May 09, 2023
As a police officer in southern New Jersey for more than 10 years, I responded to hundreds of domestic violence calls for service. Domestic violence is a serious issue that affects countless individuals worldwide.
In the United States, for example, some sources say one in four women and one in nine men experience severe physical violence from an intimate partner in their lifetime.
Domestic violence can take many forms, including physical, sexual, emotional, and financial abuse. Police officers are often the first responders in these situations, and they play a critical role in protecting victims and holding abusers accountable.
However, responding to domestic violence calls can be challenging and especially dangerous for officers. While training, experience, and knowledge can help officers handle these types of calls, the use of body cameras can also be a tremendously useful tool in assisting them with these types of cases.
When it comes to domestic violence cases, body cameras can be particularly useful for several reasons. First, the cameras can capture critical evidence that can be used to prosecute abusers. In many cases, victims of domestic violence are reluctant to testify in court, either because they fear retribution from their abuser or because they are emotionally traumatized by the experience. In such cases, video footage captured by body cameras can be used to build a case against the abuser, even if the victim is unwilling or unable to testify.
To that end and in my professional career, I witnessed a large number of victims initially report the assault to me on the day of the incident and then later refuse to testify against a suspect I had arrested. While the reasons for someone in that situation not wanting to testify can vary and even be understood in some circumstances, the system of justice in the United States does still require violators of the law to be held responsible in court.
In a case of domestic violence, the only eyewitness is oftentimes the victim. Years ago, this would result in a perpetrator of criminal violence to avoid any consequences of his or her actions. However, with the use of body cameras now becoming so popular, the victim’s statements on the day of the incident, as recorded by body cameras, are memorialized and can be used in court. In cases such as these, where the victim is unwilling to testify against the abuser but the prosecution still moves forward, it is essentially to have the body camera footage of what was said by whom in the heat of the moment of the police response. The end result usually included some type of therapy or anger management program for the perpetrator and/or the victim, which I think most would agree is a beneficial outcome.
Second, body cameras can help officers de-escalate volatile situations. Domestic violence calls can be some of the most dangerous and unpredictable situations that officers encounter.
While in the police academy in 2007, I was taught that domestic violence calls for service were dangerous because the nature of the disagreement is so intimate and personal. While you may be interviewing an alleged suspect, the victim may change their mind about wanting police assistance and then start attacking the police officer as well. Now, instead of just managing one suspect, there’s two.
Abusers may be armed, intoxicated, or emotionally unstable, and they may be prone to violence or erratic behavior. In such cases, officers must be able to respond calmly and professionally to avoid exacerbating the situation.
Body cameras can help officers do this by reminding them to remain calm and focused during the encounter. Knowing that their actions are being recorded can also serve as a deterrent for officers who might otherwise be prone to using excessive force or engaging in other inappropriate behavior.
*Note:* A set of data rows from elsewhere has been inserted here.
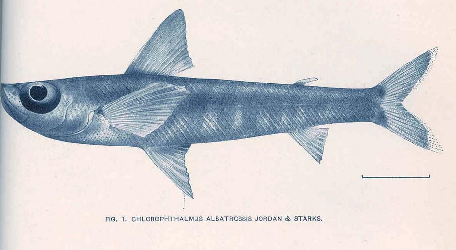 Keywords: FMIB 41157 Chlorophthalmus albatrossis Jordan & Starks.jpeg Chlorophthalmus albatrossis Jordan Starks Subject Scopelidae Chlorophthalmus Tag Fish 1904 s of New Species and a Review of the Japanese Macrouridae Jordan David Starr; Starks Edwin Chapin Washington DC Government Printing Office 1904 Bulletin of the United States Fish Commission vol 22 1902 Plate 1-1 Creator David Starr Jordan Creator Edwin Chapin Starks PD-UWASH-FMIB Institution University of Washington FMIB-source accession number 41157 Images from the Freshwater and Marine Image Bank to check David Starr Jordan Edwin Chapin Starks Chlorophthalmus albatrossis |
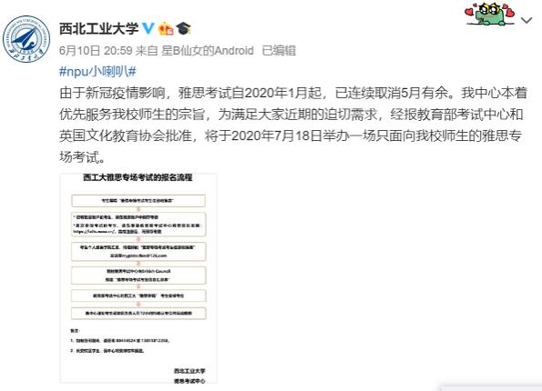 目前,雅思考试能否顺利在7月复考已经成为众多考生关心的焦点,川外小编也实时关注着。而就在前几日晚间,一个好消息传来,西北工业大学通过微博正式宣布:将在7月18日举办一场
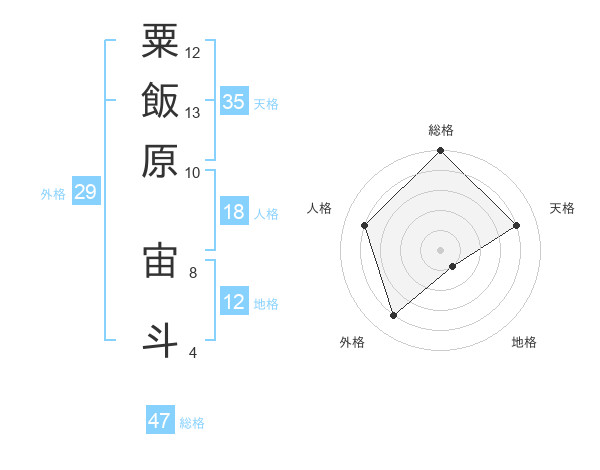 粟飯原 宙斗さんを姓名の画数から五運を鑑定
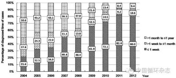 此外,研究还显示,早期检出先心病比例逐渐升高。在2004-2006年,仅有不到1/3的先心病病例在出生后1周内检出,而在2010-2012年这一比例约上升为4/5(图2)。

Third, body cameras can help protect officers from false accusations of misconduct. Unfortunately, false accusations of police brutality or misconduct are not uncommon, and officers who respond to domestic violence calls may be particularly vulnerable to such allegations. Body cameras can provide a clear record of what happened during the encounter, which can be used to refute false accusations or misunderstandings.
This, in turn, can help protect officers and their agencies from unfounded disciplinary action or lawsuits.
Finally, body cameras can help promote transparency and accountability in law enforcement. Domestic violence cases are very emotionally charged and politically sensitive, and there is often a high level of scrutiny placed on the actions of responding officers.
Body cameras can provide an objective record of what happened during the encounter, which can help build trust between law enforcement and the community. This can be particularly important in cases where there are questions about whether officers acted appropriately or not.
Domestic violence is present across all populations in terms of wealth, race, sexual orientation, age, and other categories. As such, people from all walks of life can be involved. In cases where the perpetrator or victim are of public interest, such as a celebrity or politician, body cameras help ensure that everyone was treated fairly and equally, because the body camera footage can correlate that.
Of course, there are also challenges to using body cameras in domestic violence cases. One of the biggest challenges is privacy concerns. Domestic violence calls can be highly personal and intimate, and victims may not want their interactions with officers to be recorded.
To address this concern, many police departments have implemented policies that require these types of videos to be altered to obscure subjects’ identities. While not entirely ideal, this serves a dual purpose of both protecting everyone’s identities and also being able to exhibit the footage to the public or media in an act of transparency.